Taxonomy

We provide both NCBI and GTDB taxonomy, original and curated, for the 10,575 genomes in the phylogenetic trees.

General files

ranks: Name or IDs at the seven standard taxonomic ranks:

  • kingdom, phylum, class, order, family, genus, species

The use of kingdom is to comply with the Greengenes standard. In this work, it may be “Archaea” or “Bacteria”. These two taxonomic groups are defined as superkingdom in NCBI, or domain in many modern literatures.

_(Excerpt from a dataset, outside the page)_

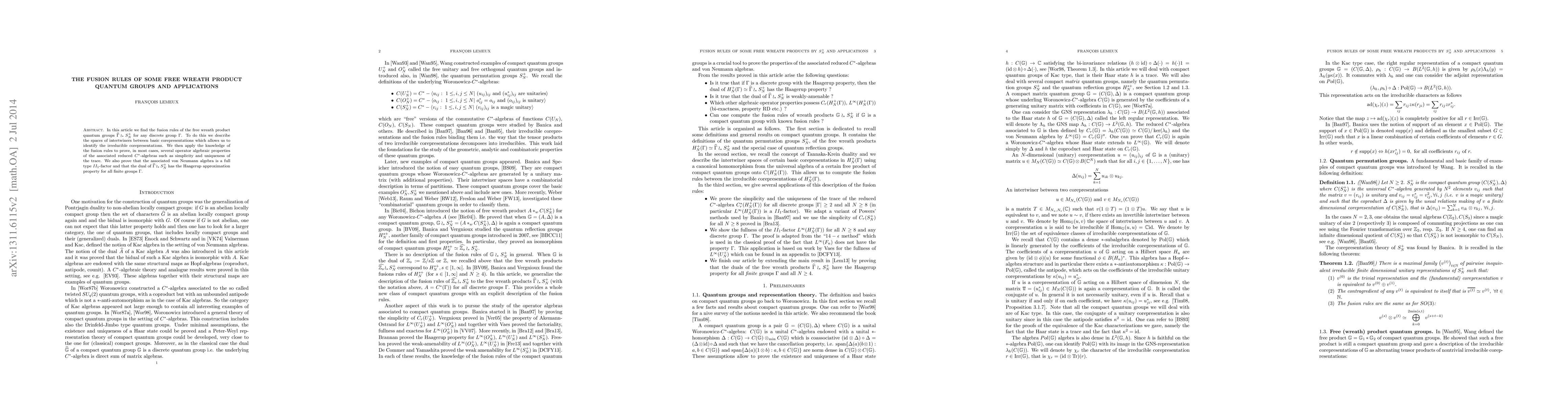 In this paper we find the fusion rules of the free wreath products $\widehat{\Gamma}\wr_*S_N^+$ for any (discrete) group $\Gamma$. To do this we describe the spaces of intertwiners between basic corepresentations which allows us to identify the irreducible corepresentations. We then apply the knowledge of the fusion rules to prove, in most cases, several operator algebraic properties of the associated reduced $C^*$-algebras such as simplicity and uniqueness of the trace. We also prove that the associated von Neumann algebra is a full type $II_1$-factor and that the dual of $\widehat{\Gamma}\wr_*S_N^+$ has the Haagerup approximation property for all finite groups $\Gamma$.

lineages: Greengenes-style lineage strings. They can be used in many applications such as QIIME.

Metadata

Properties and metrics of each taxonomic unit with at least two taxa represented. Columns:

  • rank, name: Taxonomic rank and name
  • taxid: NCBI taxonomic ID (TaxID).
  • count: Number of genomes assigned to this taxon.
  • mono_strict, mono_relaxed: Whether this taxonomic unit is monophyletic in the tree, considering all tips, or only tips classified at this rank.
  • consistency: Consistency score computed using tax2tree (larger is better, 1.0 is equivalent to strict monophyly).
  • quartet: Quartet score computed using ASTRAL (larger is better, 1.0 is equivalent to strict monophyly).
  • markers: Average number of marker genes (out of 400) found in each member genome.

Curation

Phylogeny-based annotation and curation were performed using tax2tree (McDonald et al., 2012). (The same tool was used to curate Greengenes and GTDB.)

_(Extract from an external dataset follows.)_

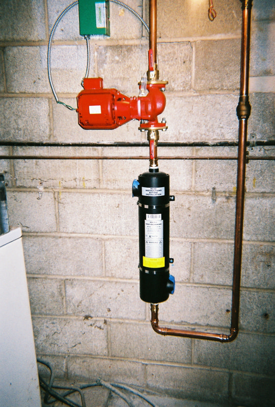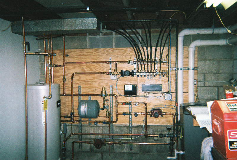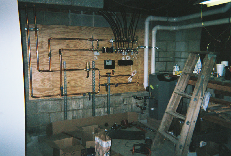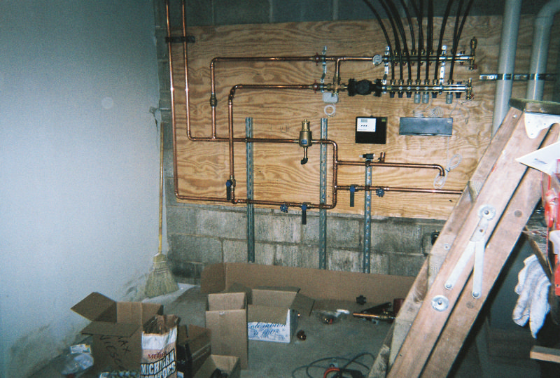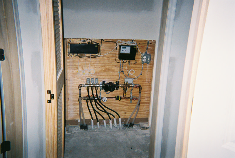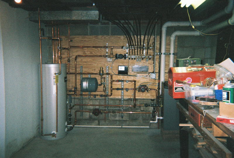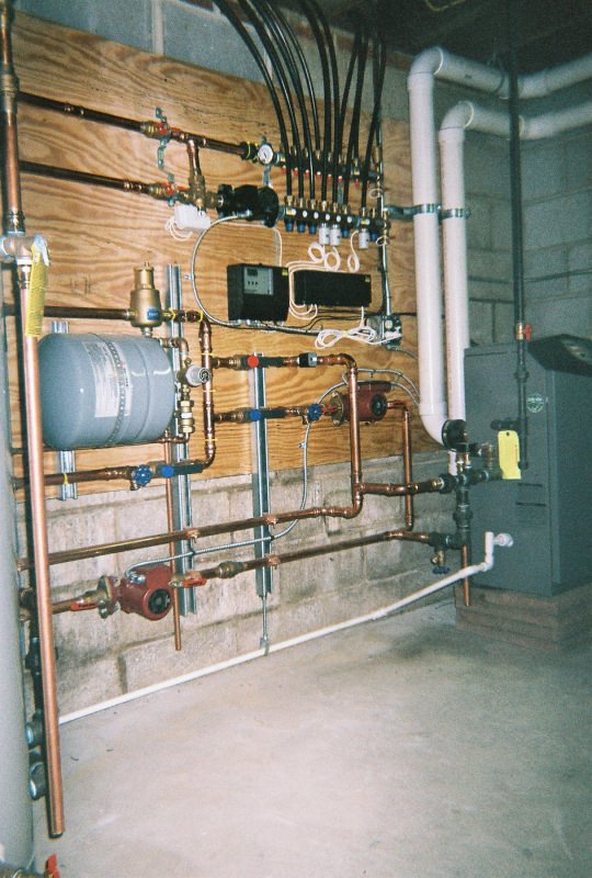 This boiler installation is the heat source for about 2000 square feet of radiant floor tubing imbedded in a concrete slab. It also supplies the heat to make the domestic hot water for the household use. There is also a heat exchanger that will eventually heat the swimming pool and that is also part of this boiler. The boiler is a Lochivar Knight modulating & condensing design.

The reference phylogeny is astral.e5p50 (built using ASTRAL, with low-support branches collapsed). The curated lineage strings and rank tables cover both tips (genomes) and internal nodes of the tree. We also provide curations using alternative trees.

Note that tax2tree does NOT create new taxonomic units. Instead, it modifies the assignments of genomes to existing taxonomic units. If a taxonomic unit is strongly polyphyletic, the program will append a numeric suffix to it for each clade, sorted by size from large to small (e.g., Firmicutes_1, Firmicutes_2…). We also provide curation results without this suffix (thus taxon names strictly match the original) in the noidx directories.